Lichman, the group’s executive director and outspoken attorney, is
pushing full throttle to defeat Irvine’s Great Park plan for the closed
El Toro Marine Corps Air Station.
“We not only have the money, we have the drive,” Lichman said. “Our
single goal is to win.”
Lichman certainly has the experience. One of a handful of founders of
the working group, Lichman has put herself at the epicenter of airport
politics in Orange County for a quarter of a century.
Accused by some in South County of inflaming the debate about the
ultimate use of the base with fiery rhetoric, Lichman has been unafraid
to offer critiques of South County and its leaders.
Lichman has denounced the Great Park, which was re-christened the
Orange County Central Park as the centerpiece of a ballot initiative
launched April 30. Lichman called the park “a chimera, an empty shell,”
as well as “a veiled land grab” by Irvine.

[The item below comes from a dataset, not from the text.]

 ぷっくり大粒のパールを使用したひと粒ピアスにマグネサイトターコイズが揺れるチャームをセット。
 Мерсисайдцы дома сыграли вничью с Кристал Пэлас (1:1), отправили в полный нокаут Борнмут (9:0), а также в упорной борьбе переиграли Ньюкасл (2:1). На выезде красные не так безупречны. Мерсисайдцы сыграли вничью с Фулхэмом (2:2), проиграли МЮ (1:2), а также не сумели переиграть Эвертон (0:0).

Instead of an airport, South County officials have proposed a central
park for the 4,700-acre base, which would be rezoned from aviation to
parkland if the initiative passes in March. The plan, developed by Irvine
Mayor Larry Agran, also requires Irvine to annex the base property.
Lichman, who has been known to describe South County leaders as
“bozos,” has ruffled a few feathers in the neighborhoods surrounding the
marine base.
“Calling people names is a little over the top and not beneficial,”

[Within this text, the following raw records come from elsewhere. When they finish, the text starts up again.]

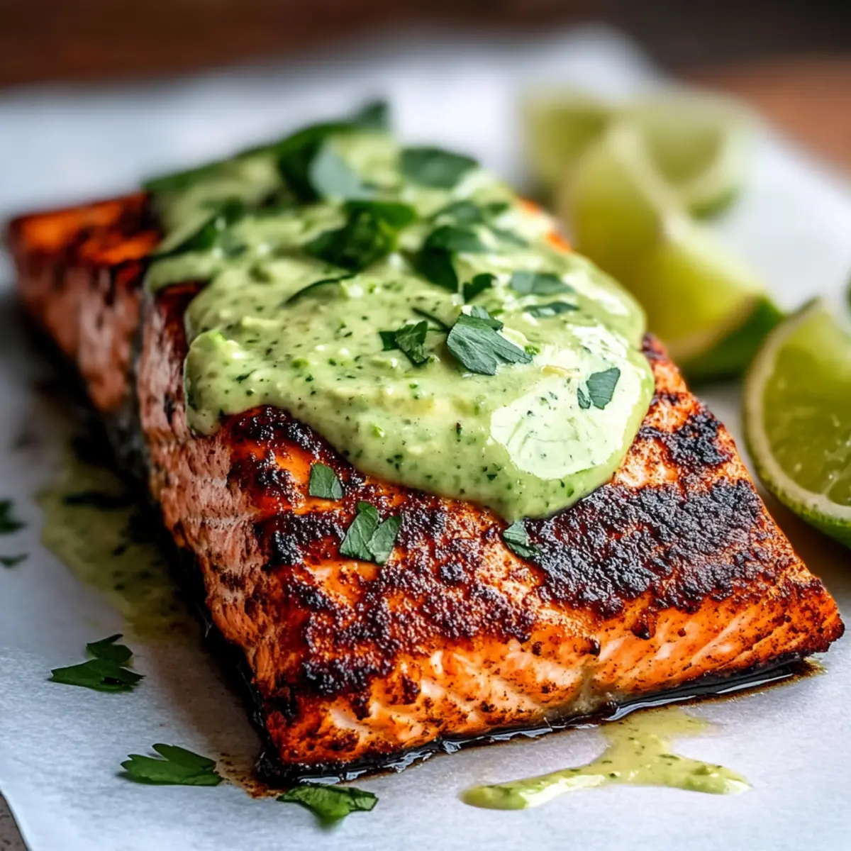 - Let the salmon rest for a few minutes, then drizzle the Avocado Lime Sauce over it to serve.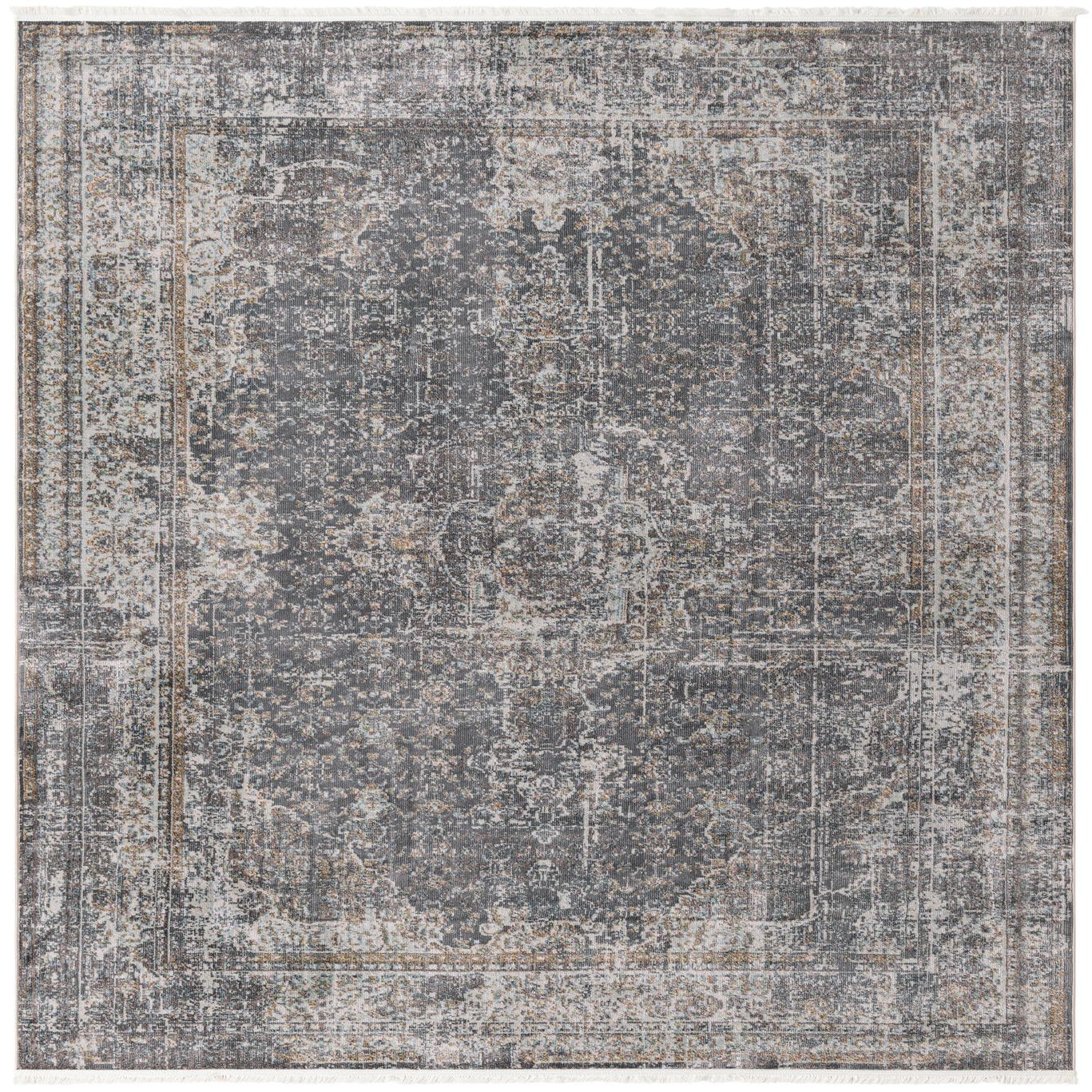 A soft, vintage-inspired pattern rests on a fume gray ground, where a faded medallion and subtle border emerge in layered tones of ivory, light blue, tan, brown, and gray. The distressed motif gives the rug an aged, timeworn character without heavy contrast, so the palette reads calm and cohesive across the surface. Machine-made from 100% polypropylene, the weave creates a low-profile pile with a smooth, slightly plush hand that feels comfortable underfoot and carries a gentle, muted sheen.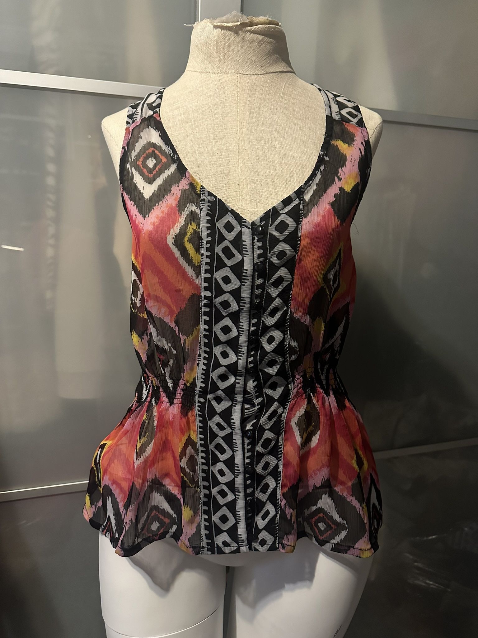 Vibrant sleeveless top featuring a striking pattern. Perfect for adding a pop of color to your wardrobe. Fits Size XS/S

Lake Forest Councilman Peter Herzog said. “She’s very committed to the
cause.”
From the 10th floor of her Irvine law office, Lichman can look out at
a county she hopes will someday be able to count two commercial airports.
It’s a dream Lichman has had for almost two decades.
The lobbying campaign for an airport at El Toro is heating up, not
only with the South County ballot measure, but with a new infusion of
funding to the working group.
The Newport Beach City Council has set aside $3.7 million for the
group to fight the El Toro battle.
The working group has begun circulating a series of fliers warning
voters that tax increases will be needed to pay for the Great Park.
Lichman isn’t worried about South County’s initiative. In fact, she
believes it will unify the cities surrounding Newport Beach.
“The Great Park was the greatest thing to happen to North County,”
Lichman said. “They [would be] spending millions of dollars so that
people in Irvine and Lake Forest can enjoy life.”
Lichman’s involvement in airport politics stretches back to her role
in the founding of the working group in the living room of her Dover
Shores home in August 1981.
The group was founded by Lichman and former Newport Beach Mayors
Clarence Turner and Tom Edwards to stem expansion at John Wayne Airport.
The group successfully accomplished the mission of securing a deal with
the county in 1985 that imposed a litany of flight restrictions.
The deal, the result of settling a lawsuit filed by the working group,
inspired Lichman to attend USC’s law school, where she earned a degree in
1988.
Since that time, Lichman has made a career in aviation-related law.
The 55-year-old Lichman is now a partner at Chevalier, Allen & Lichman
and contracting her services to clients on issues ranging from airport
access and zoning to air-crash liability.